How to reach your savings goal effectively?
Time deposits and fixed-term endowment. Big similarities, bigger differences.
We all pursue different wealth goals, but one thing we have in common is the need to develop a regular saving habit. A Hong Kong Deposit Protection Board survey has found that 65% of Hong Kong people save regularly, putting away an average of HK$7,500 per person per month, with the median amount at HK$5,000. The survey also found that Hong Kong people tend to favour current or time deposits and fixed-term endowment as their savings tools, with a 75%/33% split. Whether you want to save up for retirement, getting married, buying a property, further education or starting a business, there are many financial tools on the market that can help you accumulate your wealth. Among the simplest and most common of these tools are bank time deposits and fixed-term endowment, which allow you to choose the currency you save in and the length of the fixed term based on your needs . Both are lower-risk options, but do you know the differences between them? Which one is right for you?
With a time deposit, you leave an amount of money in the bank for a fixed period of time to earn higher interest than that offered by basic accounts upon maturity. The fixed term typically lasts from 7 days to 12 months. Compared to other investments, a time deposit account is relatively easy to set up. All you have to do is specify the deposit amount and the fixed term, either in person at a bank or through phone banking or internet banking.
The penalty of withdrawing the time deposit earlier than the maturity date is the loss of interest. Upon maturity, investors looking for other channels for investing their money will also have to keep track of how interest rates are trending.
The Deposit Protection Scheme was introduced in Hong Kong to protect depositors by paying them compensation in the event of the failure of a bank which is a member of the Scheme.
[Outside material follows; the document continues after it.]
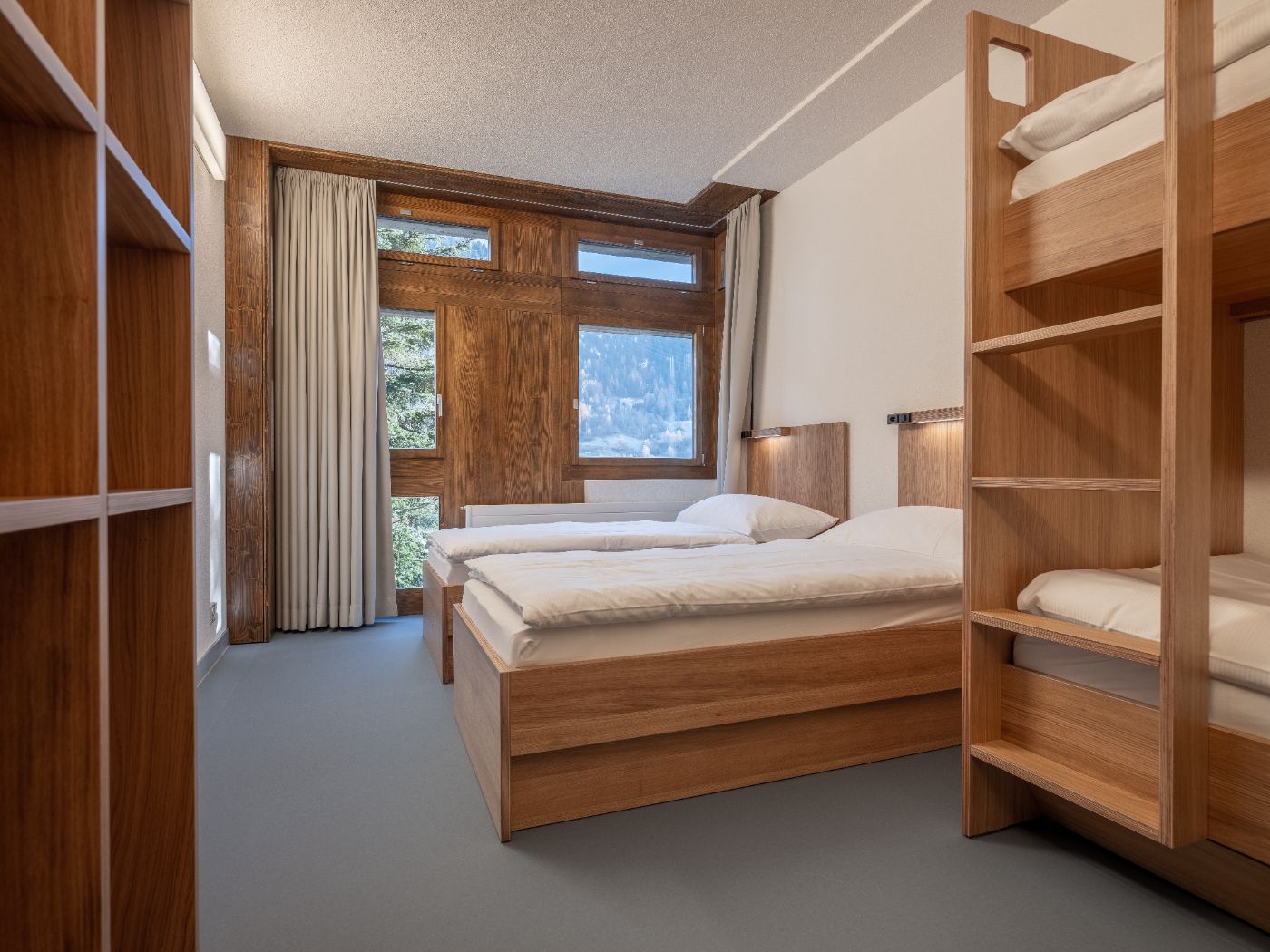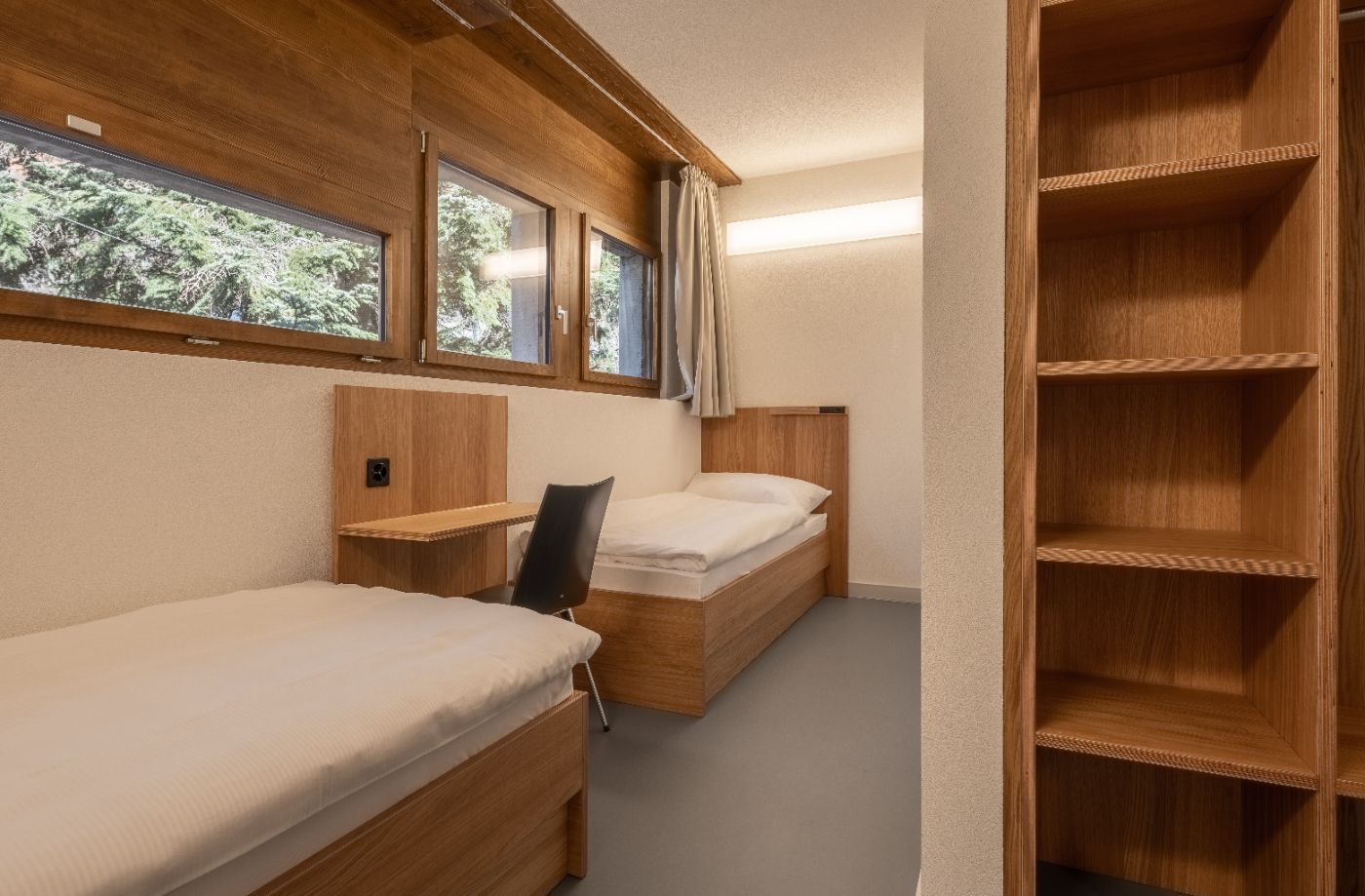 Die 44 komfortablen 1er, 2er, 3er und 4er-Zimmer sind alle mit Dusche und WC und gratis WLAN ausgestattet. Ideal für Gruppen, die etwas mehr Komfort und Privatsphäre schätzen. Komfort und Privatsphäre vereint in einem modernen Gebäude mit 132 Betten mit Frischluftzufuhr. Durch die Raumaufteilung sind die Zimmer bestens geeignet für kleinere Gruppen.

Both personal and corporate depositors are entitled to compensation of up to HK$500,000.
This is an insurance plan with a fixed term and fixed premium. Fixed-term endowment are very different from time deposits, in that a fixed-term endowment is an insurance contract but not a bank deposit account. Through a savings insurance plan, the policy holder entrusts an insurance company with an amount of money in the form of life insurance premiums paid. In return, he receives guaranteed maturity benefits and enjoys life protection during the policy term.
Compared with time deposits, the investment period of a fixed-term endowment is generally longer. In case the policyholder decides to surrender the policy before it breaks even, they will suffer a loss in terms of the premiums paid. In addition, if the premiums of an endowment plan are not paid by automatic transfer, in case of late payments, the policy might be terminated and there is a possibility that the amount due at maturity will be less than the premiums paid.
A fixed-term endowment differs from a time deposit in that, if the insured person unfortunately passes away while the policy is in effect, the policy’s designated beneficiary will receive a death benefit. In that way, it will protect your loved ones financially. Some fixed-term endowment on the market also provide protection against death resulting from an accident, terminal illness and premium deferment penalties during unemployment at no extra cost, providing you with even more comprehensive protection.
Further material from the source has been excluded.